Sunday, July 13, 2014

graveyard dredge: a poem

It's hard to think now, how men with their

shovelfuls and boatloads and sideroads mixed

the best color, the good rock, the pay streak, the bedrock.

Get a good look at shafts and rigs and steel hammers slamming

below the camp, beavers damming.

Get a good look at 8 square meters of tailing piles

men febrile and fevered, for miles

filling boxes with tools to reshape iron and wood

boxes of household and

grub, and wide metal tubs 

and the women lugging

ladles and bowls, stokeing wood-burning stoves.
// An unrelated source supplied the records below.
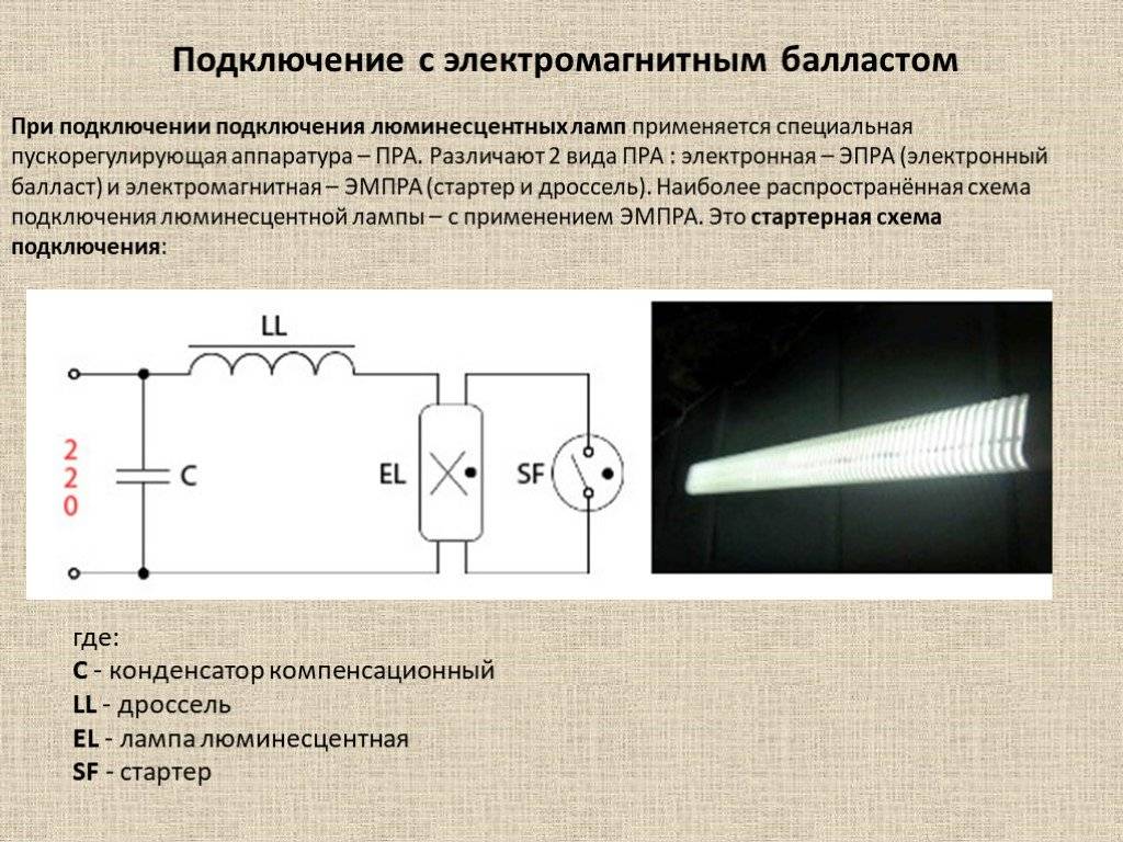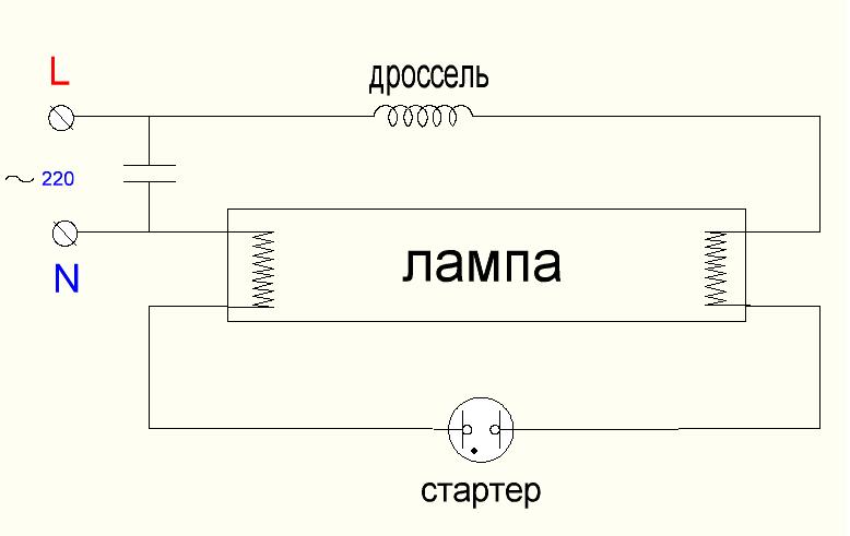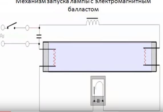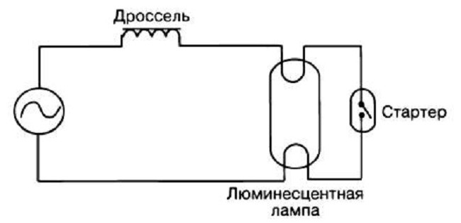 Un starter pour lampes fluorescentes (une bobine d'induction spéciale constituée d'un conducteur enroulé) est impliqué dans la suppression du bruit, le stockage d'énergie et le contrôle de la luminosité en douceur.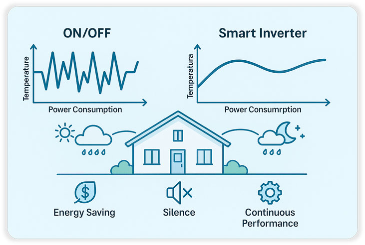 La technologie SmartInverter intégrée à la gamme Riviera permet d’ajuster en temps réel la vitesse du compresseur en fonction de la température souhaitée.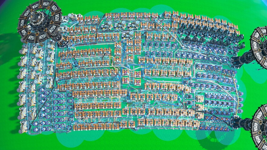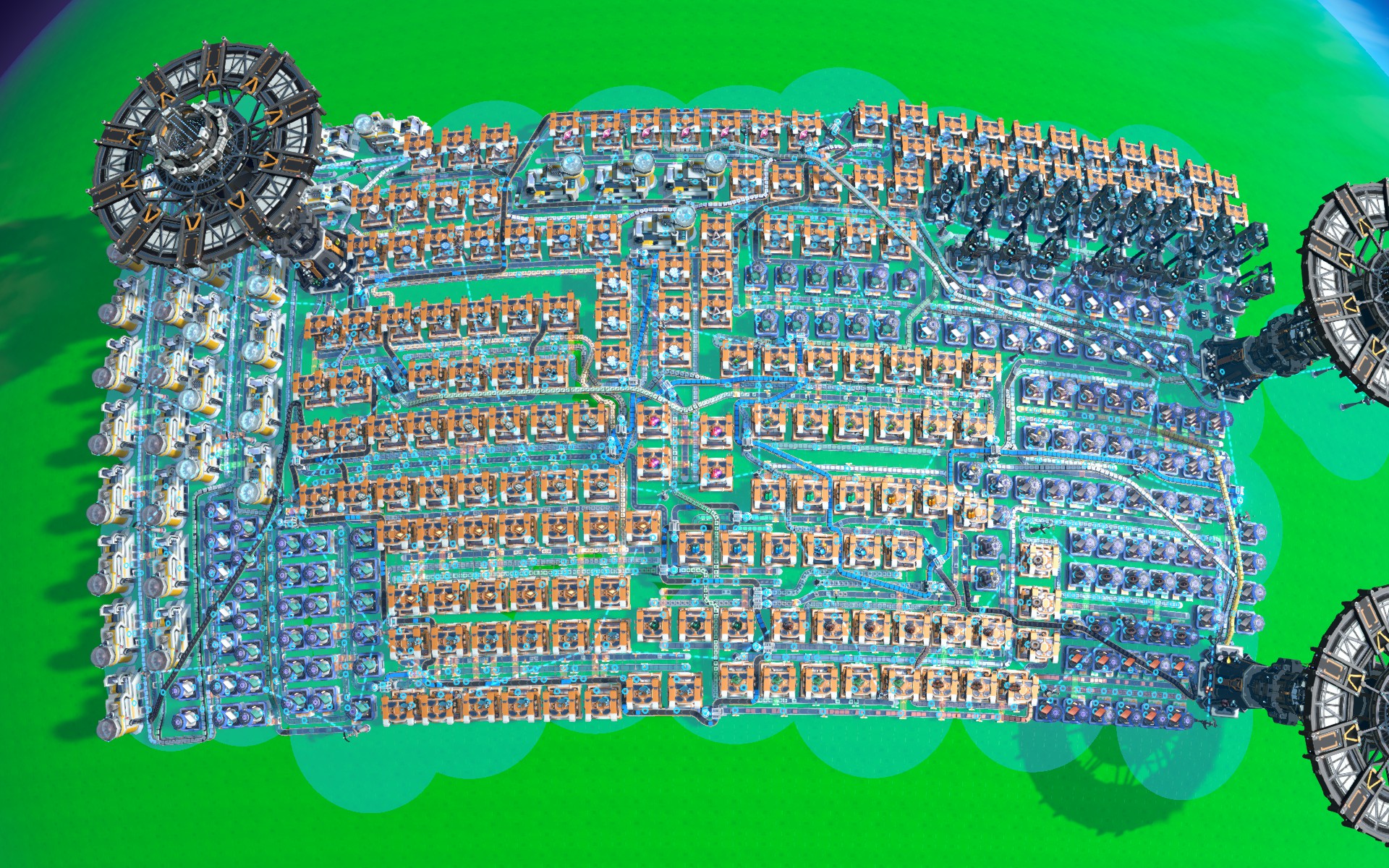 Uses rare ores: kimberlite, sulfur and organic crystals. Towers are outside to belt the ores if convenient. is placeable in most orientations in equatorial region. Makes just enough mk3 proliferator - when starting let it accumulate and propagate through the belts. Makes fusion cells - leech for easy energy to travel to tap the rares. Use matching green science BP for warpers and easier logistics. Production chain.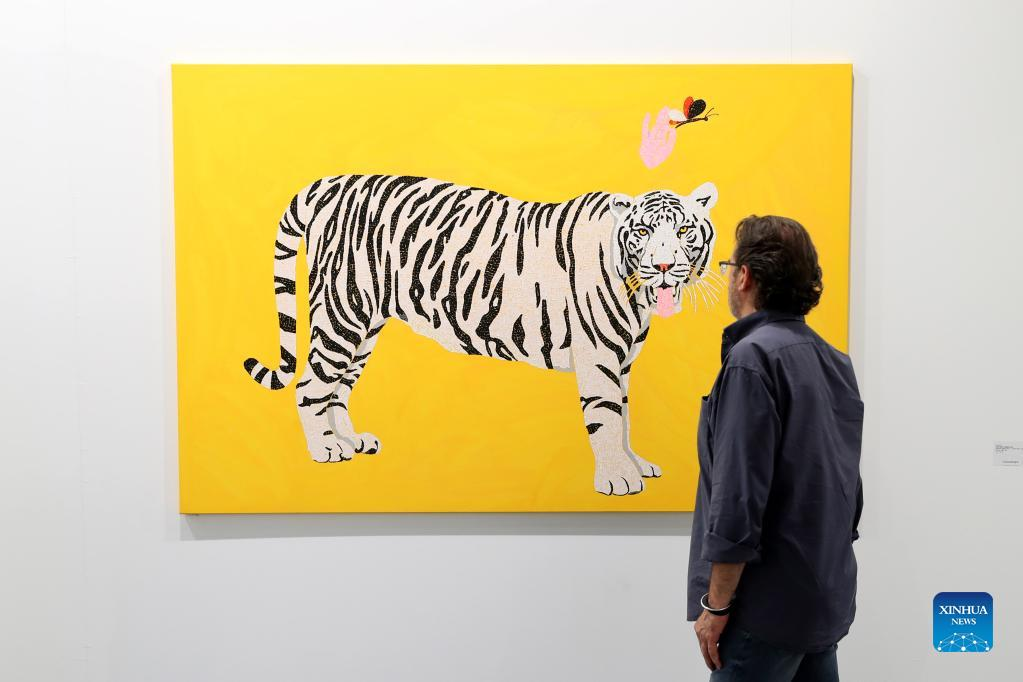 A visitor looks at an art piece at the ARCOlisboa international contemporary art fair in Lisbon, Portugal, on May 19, 2022. The ARCOlisboa 2022 which kicked off on Thursday, will last till May 22. (Photo by Pedro Fiuza/Xinhua)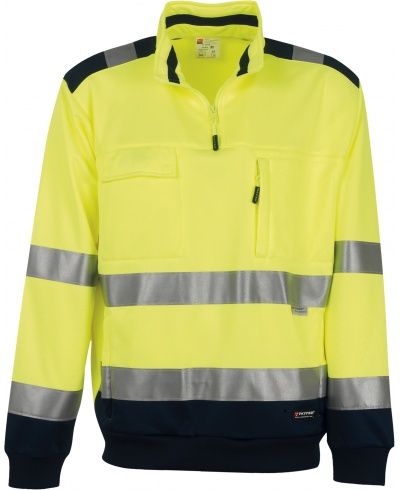 Gut sichtbarer Herren-Fleecepullover mit 3M-Streifen, kurzem Reißverschluss aus Nylon mit Metallschieber, elastischem Feinripp an Ärmeln und Taille, zwei Vordertaschen mit verdecktem Reißverschluss, einer Brusttasche mit LOCK SYSTEM mit abtrennbarem und verschließbarem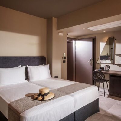 Met het zand tussen je tenen binnen enkele minuten? Dat kan bij dit hotel in het gezellige Amoudara op Kreta. Je dag begint met een feestje voor je smaakpapillen bij het verse ontbijtbuffet, waarna je zonnestralen vangt bij het zwembad. De kinderen? Die zoeven van glijbanen, ontdekken geheime tunnels en maken salto's op trampolines in de schaduwrijke speeltuin. En als je maag begint te knorren, wacht het naastgelegen restaurant waar al 40 jaar culinaire Kretenzische magie wordt gecreëerd. Het karakteristieke interieur fluistert verhalen van vroeger terwijl jij geniet van elke heerlijke hap.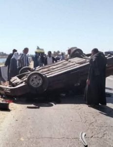 اثر تصادم ثلاث سيارات ملاكي على طريق منفلوط اسيوط الزراعي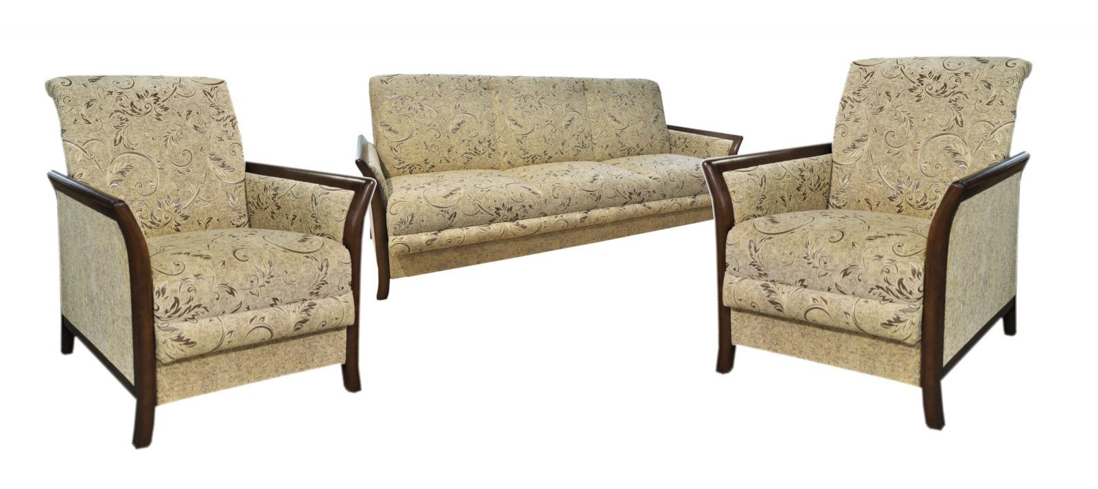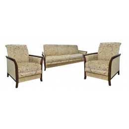 Elegantní sedací souprava Jana s rozkládacím trojsedem a dvěma křesly. Sedací souprava má úložný prostor a jednoduchým rozkladem vznikne lůžko na občasné přespání pro dvě osoby. Sedací souprava je očalouněná kvalitní látkou Vita. Čalounění v kombinaci se dřevem působí velice stylově. Bočnice jsou vyrobené z bukového masivu, moření je možné v různých barevních odstínech. Sedací soupravu lze objednat i v jiných barevných provedeních (viz. vzorník látek níže). Odstíny nebo kresba dřeva nemusí přesně odpovídat vyobrazeným vzorkům.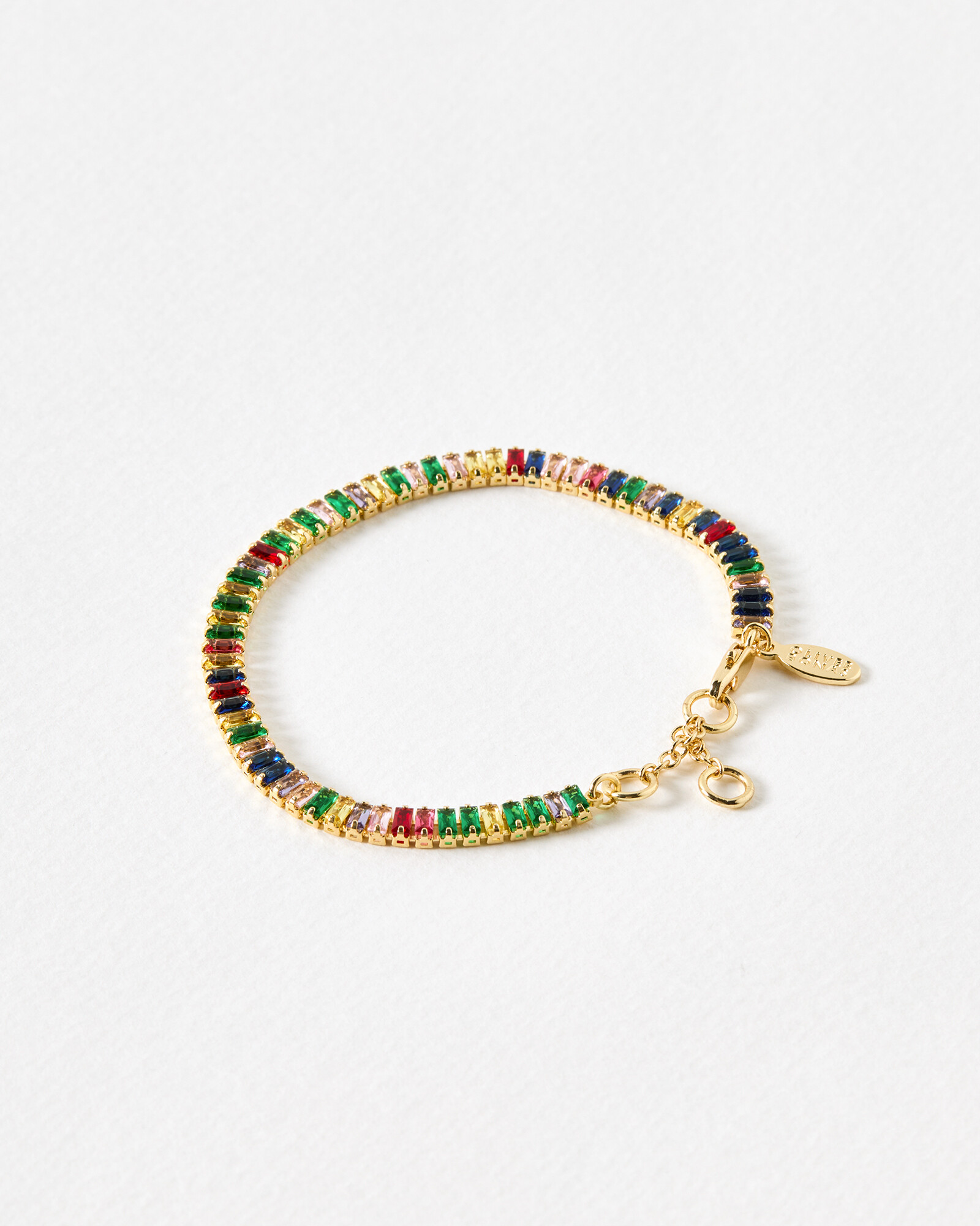 Wide chain bracelet with colourful baguette stones inlaid in a gold tone design.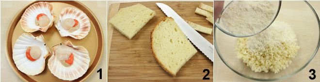 To prepare Provençal-style gratinated scallops, start by placing the scallops in an oven dish with the shell facing down 1. To keep them upright and prevent the stuffing from coming out of the shell, you can make a support this way: cut sheets of aluminum foil 8 inches long and roll them onto themselves until obtaining a stick, then join the two ends to form a ring, and place it under each scallop. Prepare the stuffing: remove the crust from the Italian bread and crumble it with the help of a mixer, then place it in a bowl and add the grated Parmesan and crushed garlic (2-3).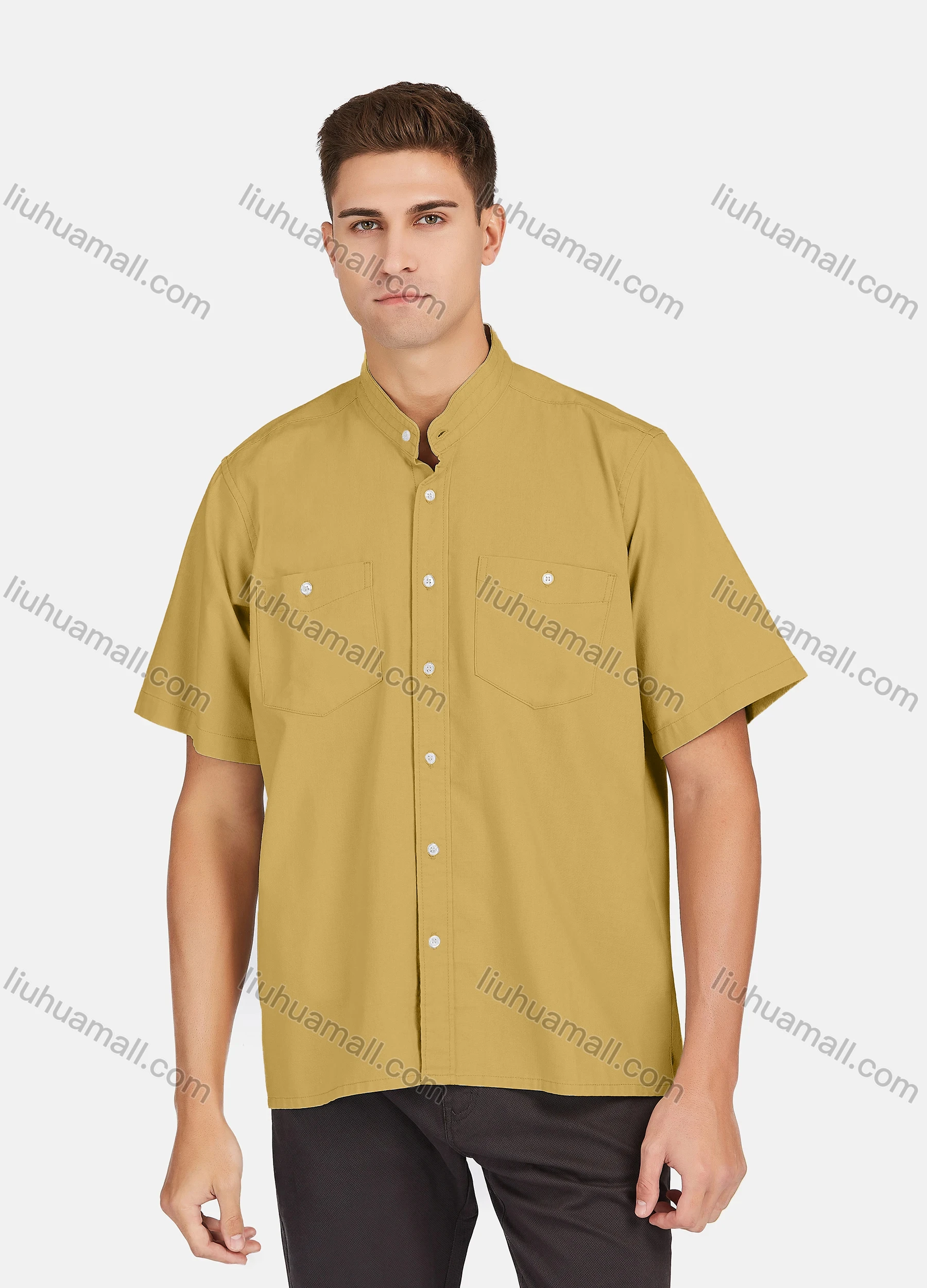 Wholesale Men's Fashion Loose Fit Mandarin Collar Short Sleeve Button Down Shirts

They hauled anything they did not fear to lose, except

fingers and toes, 

 a man's body sliced in half

under pressure and hose.

Dead men, like dozers 

driving steam into frozen muck.

Get a good look at men, black-faced with grease

skin drawn tight against bone

scarred by an iron bucket's icy stones.

The dredge monster is asleep now

all rust and bones.

 So much required to pursue their desire

this great force, gold, like a god.

riches flowed

Women drank mint tea from thin rimmed cups

and men, with their restless hands and drunk injury

pierced the ground and staked fortunes,


with their blood.

*Poem and photos originated at Coal Creek Mine on the Yukon River during a writing workshop with poet, fiction writer and essayist, Gretel Ehrlich.


  1. You turned the dredge into art. Your gift for composition is strong.

  2. Thank you, Ned. It was such a pleasure driving with you and Julie...good time, good conversations...all warmly appreciated.

  3. The dredge monster clearly has been roused from sleep . . . and transformed via the tools of poetry.

  4. Ah! Thank you, Deborah; I like how you put that...the Yukon River transformed me; there was something mystical about it that ignited a creative spark

  5. Monica, I love this so much. The words and the photos, wonderful and inspiring. They truly made my day. So glad you shared!! :)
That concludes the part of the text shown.